Your observations are consitent with Amdahl's law plus considering the overhead of using multiple threads.

Very roughly speaking and not going into details, you always have some part of the computation that can benefit from adding more threads, call that P, some part that cannot benefit from adding more threads call it S, and the overhead that comes per thread T.

More threads t decreases P but not S and increases T:

 total time = P/t + S + T*t

Even if the overhead is small, at some point it will dominate, because adding more threads cannot make P/t smaller than 0. In the limit for lots of threads you end up with increasing time

 total time (for huge t) = 0 + S + T*t

This is just very basic analysis of different components that contribute to your runtime. But it is already sufficient to see that even for an algorithm that can be parallelized well (P > S) and small overhead (small T), there is always a point where the overhead of adding more threads will dominate.

Amdahl did not consider the overhead, hence his total time (actually he considers the speed up, which is total time (t=0) / total time) saturates at some point. However, real threads always come with a tiny overhead. For further investigation, to see where the overhead actually comes from I would try to measure time for differently sized data. Then you might see effects from cachce.

For completeness I should also mention Gustavson, who observed that the parallel part P often increases with the problem size, while the the non-parallel part S often does not. For example reading some configuration from a file needs to be done once, wether you run 100 or 10000 iterations of some algorithm. With this assumptions, P = p(N) and S = constant, one can conclude that increasing the workload, N, improves the utilization of the hardware. You might see this effect when using a smaller vector will lead to increasing time already for smaller number of threads, while using a bigger vector you might see increasing time only for larger number of threads.

463035818_is_not_an_ai
  • 109,796
  • 11
  • 89
  • 185
  • I have to disagree. I profiled the program on my machine and the time to create the thread is not an issue! It make sense since the program last for several seconds while creating threads takes no more than few milliseconds. The problem comes from cache accesses (miss & thrashing). – Jérôme Richard Apr 14 '23 at 23:49
  • @JérômeRichard i am merely saying that there is a component of the runtime that increases with number of threads – 463035818_is_not_an_ai Apr 15 '23 at 06:51
  • @JérômeRichard well ok the first sentence can be misunderstood.

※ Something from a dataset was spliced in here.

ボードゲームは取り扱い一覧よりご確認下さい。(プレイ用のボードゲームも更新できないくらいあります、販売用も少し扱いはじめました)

I meant all the overhead that comes from creating more threads – 463035818_is_not_an_ai Apr 15 '23 at 10:04
1

Here is a more practical and more precise/specific explanation why the timings are increasing with more threads:

  • cache misses is the main scalability bottleneck, especially due to the shared L3 cache and the DRAM (also shared between cores);
  • hyper-threading does not help much, so using more than 8 threads is useless;
  • creating threads is definitively not an issue (negligible time).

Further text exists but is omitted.